Segment Start: Supplied material

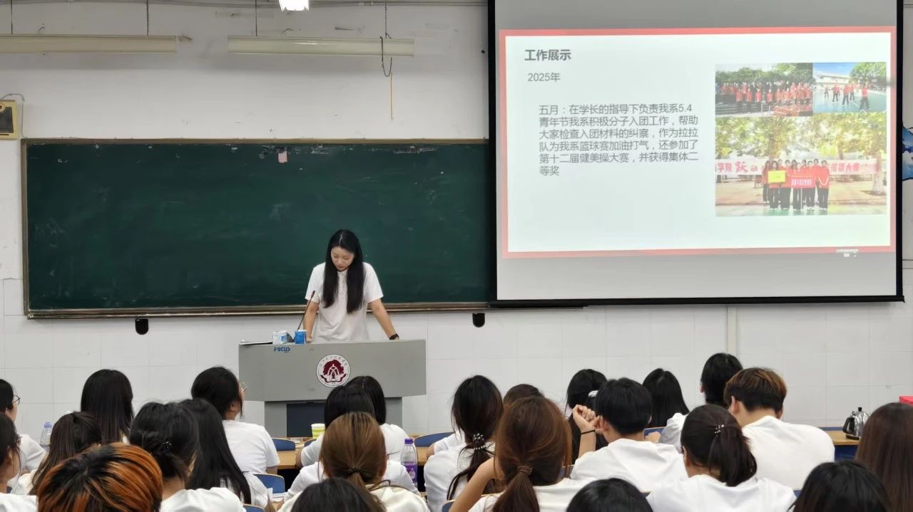 系团总支负责人吴筱艾老师在讲话中充分肯定了上一届员工干部的辛勤付出与显著成绩。她勉励全体员工干部要不忘初心、牢记使命,勇担时代责任,引领全系青年争做奋进者、开拓者、奉献者,并预祝本次换届大会取得圆满成功。
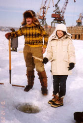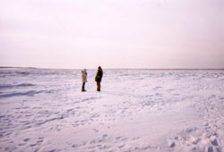 12/29/2001 シベリア鉄道の旅 DAY 3 ハバロフスク着。 ![]() 早朝、ハバロフスク着。 お世話になった車掌さんと記念写真。 最初はクールで厳しい人かと思ったけれど、 最後には照れやさんだと分かった。握手をしてバイバイ。 クルーがまだ暗いハバ駅の撮影をする間、 雨宮さんと二人で待っていた薄暗い待ち合い室は ものすごく寒く、 ウラジオでは感じなかった‘シベリアの寒さ”に いよいよご挨拶..。 かろうじて開いていたキオスクでコーヒーを買う。 ![]() 雨宮さんが飲みかけのコーヒーをちょっと置いた瞬間、 ホームレスのお兄ちゃんの手が伸びてきて、 堂々と飲まれてしまうので、ビックリ。 少し残してテーブルに置いておくと すぐに“吸収”される。 西野さんに聞くと、少し残したら ホームレスの人のためにそのまま置いておく、 それが暗黙の了解なんだそうだ。 隣のおばちゃんも魚のフライ? のようなものの 食べかけを置いて行き、 同じお兄ちゃんにすぐに“吸収”されていた。 壁にある古い大きなシベリア鉄道の路線図を見ながら、 まだまだ全然先は長い...と実感する。 シベリア鉄道はロシアの下のほうを 通っているみたいなので、 シベリアの北のほうの途方もない 未開の土地を想像して気が遠くなる。 ロケバスで駅からホテルへ移動。 バスから見た町並みは、 黄色がかった街灯の色で雪がぼやけて綺麗。 15分ほどでホテルに到着。 9時の朝御飯まで仮眠をとるはずだったのに、 だんだん白んでいく空を見ながらボーッとしていたら 8時くらいになってしまい、 2、30分しか眠れなかった。 ボーッとしながらの朝御飯。 知らないうちにカメラクルーはもう出動していた。 だだっぴろいレストランはすきま風が入るのか、 薄着では鳥肌が立つ。出てきた料理もヘンで、 コーンフレークのミルクが生暖かかったり、 コーヒーはぬるく、 すべてが微妙でちょっと悲しかったが、 全体的なビミョーさがだんだん可笑しくなってきて、 雨宮さんとずっと半笑いのままの朝御飯だった。 ![]() 11時LOBBY CALL。 先に早朝の実景を撮りに出ていたクルーが帰ってきて、 「寒い!!!! ヤバイっっすよ!!」 とおどかす。 ためしにコートなしで外に出てみようとして、 ドアを開けた途端あまりの寒さに 反射的に室内へUターン。 部屋に帰り、さらに着込んで、ダルマ状態。 今日はNational Standardのワカ (デザイナー若林さん)から頂いた ベージュのダウンを着てみる。 20471120のみふー(御船さん)にもらった ムートン帽子も持って。 皆、シベリアに行く私を心配して、くれたもの。 みんなに守られて歩いている感じがする。 絶対に履きたくなかった巨大な雪靴にも、 早速お世話になる。 ![]() スキー靴を履いている時のように うまく歩けないモコモコ姿で、 意を決してガラスの重いドアを開けると、 その瞬間、身体の内部がキュンと冷たくなる。 これがあの有名な「鼻が凍る」現象か! 鼻の中が、パリッというかサクッというか、 霜がおりてるなーという感触。 気温、マイナス15度。 ![]() ロケバスが坂を上がっていくと、 真っ白い展望台が見えてくる。 ドキドキしながらバルコニーのようになっている 展望台の中に入ると、 目に飛び込んできたのは、アムール河。 視界の隅々にまで広がる、広大な氷の大河に、 圧倒されてしまう。 向こう岸までテクテク歩いている人もいるし (対岸に別荘を持っている人々らしい!)、 なんと車も走っているし(危ないってば!)、 氷の上で工事までしている(なんのだよー!)。 唖然。これがシベリアの規模..。 ふと、鳥の鳴き声が響く。 下を見ると、白黒の鳥が何羽か飛び交っている。 再度ロケバスに乗って、下の河のところまで降りて行く。 まるでビーチみたい。 眩しくてたまらない。 サーシャによると、 通常50センチほどの氷が張っているが 今年は暖かい(!)のでそれより薄いかもとのこと。 いよいよ、河の氷の上へ。 おそるおそる、足を踏み出すと、 砂利の上に積もった雪とは少し違う音がする。 ホントに落ちない? 割れない? びくびくしながら、一歩一歩。 でもすぐに、びくともしない氷を足が "地面"と認識し、慣れてしまう。 ![]() ディレクター上野さんに 「音を見つけられるまで」 と言われたので、好きに歩いて行く。 ハイになる。 ずぅっと歩いて対岸まで行けそうな気がする。 方向を見失いそうだけれど。 しばらく歩くと、氷が平たんではなくて 波のような形になっていることに気付いて、感動する。 風の形か、波の形か。 でも氷の下は、いつも通り川が流れている...。 ずっと耳をすましていると、 風の音が、まるで波の音のように まるく、甘く、流れてくる。 それがアムール河でみつけた音、 ただの風の音じゃない、 氷の大河の上でしか聞けない、 感じられない、風の声だ。 その後、同じ河の別の場所へ移動する。 もう河の上を歩くのも慣れたものだ。 釣りをしているおじさんの所へ歩いて行く。 よく写真で見るように、 氷に穴を開けて糸をたらしている。 おじさんの足元
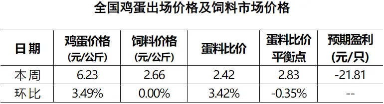 本周全国蛋料比价为2.42,环比上涨3.42%。按目前价格及成本推算,未来蛋鸡养殖每只亏损21.81元。
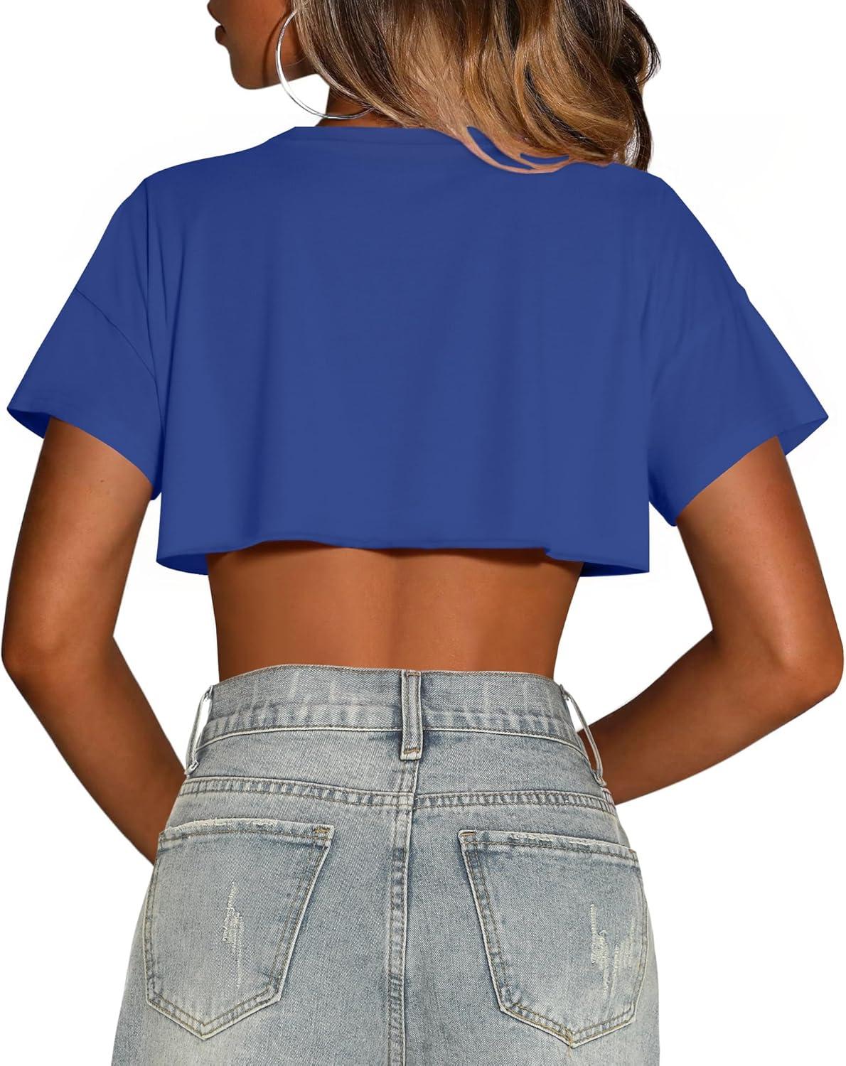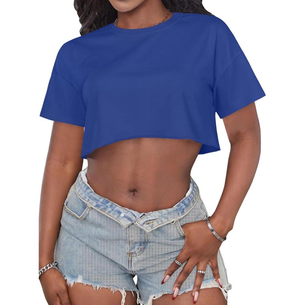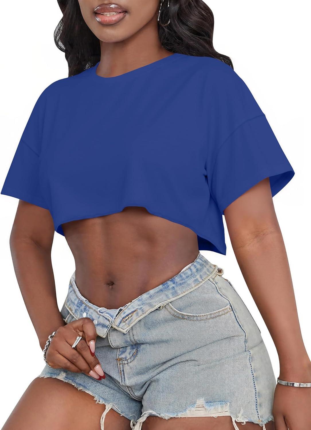 Crop Tops for Women Casual Short Sleeve T Shirts Summer Basic Top Crew Neck Oversized Cropped Tees(Blue)

Segment End: Supplied material

What you return should be the exact lines from the one containing "12/29/2001 シベリア鉄道の旅 DAY" through the end of the listing above, both included, minus any pictures.

 12/29/2001 シベリア鉄道の旅 DAY 3 ハバロフスク着。 ![]() 早朝、ハバロフスク着。 お世話になった車掌さんと記念写真。 最初はクールで厳しい人かと思ったけれど、 最後には照れやさんだと分かった。握手をしてバイバイ。 クルーがまだ暗いハバ駅の撮影をする間、 雨宮さんと二人で待っていた薄暗い待ち合い室は ものすごく寒く、 ウラジオでは感じなかった‘シベリアの寒さ”に いよいよご挨拶..。 かろうじて開いていたキオスクでコーヒーを買う。 ![]() 雨宮さんが飲みかけのコーヒーをちょっと置いた瞬間、 ホームレスのお兄ちゃんの手が伸びてきて、 堂々と飲まれてしまうので、ビックリ。 少し残してテーブルに置いておくと すぐに“吸収”される。 西野さんに聞くと、少し残したら ホームレスの人のためにそのまま置いておく、 それが暗黙の了解なんだそうだ。 隣のおばちゃんも魚のフライ? のようなものの 食べかけを置いて行き、 同じお兄ちゃんにすぐに“吸収”されていた。 壁にある古い大きなシベリア鉄道の路線図を見ながら、 まだまだ全然先は長い...と実感する。 シベリア鉄道はロシアの下のほうを 通っているみたいなので、 シベリアの北のほうの途方もない 未開の土地を想像して気が遠くなる。 ロケバスで駅からホテルへ移動。 バスから見た町並みは、 黄色がかった街灯の色で雪がぼやけて綺麗。 15分ほどでホテルに到着。 9時の朝御飯まで仮眠をとるはずだったのに、 だんだん白んでいく空を見ながらボーッとしていたら 8時くらいになってしまい、 2、30分しか眠れなかった。 ボーッとしながらの朝御飯。 知らないうちにカメラクルーはもう出動していた。 だだっぴろいレストランはすきま風が入るのか、 薄着では鳥肌が立つ。出てきた料理もヘンで、 コーンフレークのミルクが生暖かかったり、 コーヒーはぬるく、 すべてが微妙でちょっと悲しかったが、 全体的なビミョーさがだんだん可笑しくなってきて、 雨宮さんとずっと半笑いのままの朝御飯だった。 ![]() 11時LOBBY CALL。 先に早朝の実景を撮りに出ていたクルーが帰ってきて、 「寒い!!!! ヤバイっっすよ!!」 とおどかす。 ためしにコートなしで外に出てみようとして、 ドアを開けた途端あまりの寒さに 反射的に室内へUターン。 部屋に帰り、さらに着込んで、ダルマ状態。 今日はNational Standardのワカ (デザイナー若林さん)から頂いた ベージュのダウンを着てみる。 20471120のみふー(御船さん)にもらった ムートン帽子も持って。 皆、シベリアに行く私を心配して、くれたもの。 みんなに守られて歩いている感じがする。 絶対に履きたくなかった巨大な雪靴にも、 早速お世話になる。 ![]() スキー靴を履いている時のように うまく歩けないモコモコ姿で、 意を決してガラスの重いドアを開けると、 その瞬間、身体の内部がキュンと冷たくなる。 これがあの有名な「鼻が凍る」現象か! 鼻の中が、パリッというかサクッというか、 霜がおりてるなーという感触。 気温、マイナス15度。 ![]() ロケバスが坂を上がっていくと、 真っ白い展望台が見えてくる。 ドキドキしながらバルコニーのようになっている 展望台の中に入ると、 目に飛び込んできたのは、アムール河。 視界の隅々にまで広がる、広大な氷の大河に、 圧倒されてしまう。 向こう岸までテクテク歩いている人もいるし (対岸に別荘を持っている人々らしい!)、 なんと車も走っているし(危ないってば!)、 氷の上で工事までしている(なんのだよー!)。 唖然。これがシベリアの規模..。 ふと、鳥の鳴き声が響く。 下を見ると、白黒の鳥が何羽か飛び交っている。 再度ロケバスに乗って、下の河のところまで降りて行く。 まるでビーチみたい。 眩しくてたまらない。 サーシャによると、 通常50センチほどの氷が張っているが 今年は暖かい(!)のでそれより薄いかもとのこと。 いよいよ、河の氷の上へ。 おそるおそる、足を踏み出すと、 砂利の上に積もった雪とは少し違う音がする。 ホントに落ちない? 割れない? びくびくしながら、一歩一歩。 でもすぐに、びくともしない氷を足が "地面"と認識し、慣れてしまう。 ![]() ディレクター上野さんに 「音を見つけられるまで」 と言われたので、好きに歩いて行く。 ハイになる。 ずぅっと歩いて対岸まで行けそうな気がする。 方向を見失いそうだけれど。 しばらく歩くと、氷が平たんではなくて 波のような形になっていることに気付いて、感動する。 風の形か、波の形か。 でも氷の下は、いつも通り川が流れている...。 ずっと耳をすましていると、 風の音が、まるで波の音のように まるく、甘く、流れてくる。 それがアムール河でみつけた音、 ただの風の音じゃない、 氷の大河の上でしか聞けない、 感じられない、風の声だ。 その後、同じ河の別の場所へ移動する。 もう河の上を歩くのも慣れたものだ。 釣りをしているおじさんの所へ歩いて行く。 よく写真で見るように、 氷に穴を開けて糸をたらしている。 おじさんの足元
 本周全国蛋料比价为2.42,环比上涨3.42%。按目前价格及成本推算,未来蛋鸡养殖每只亏损21.81元。
 Crop Tops for Women Casual Short Sleeve T Shirts Summer Basic Top Crew Neck Oversized Cropped Tees(Blue)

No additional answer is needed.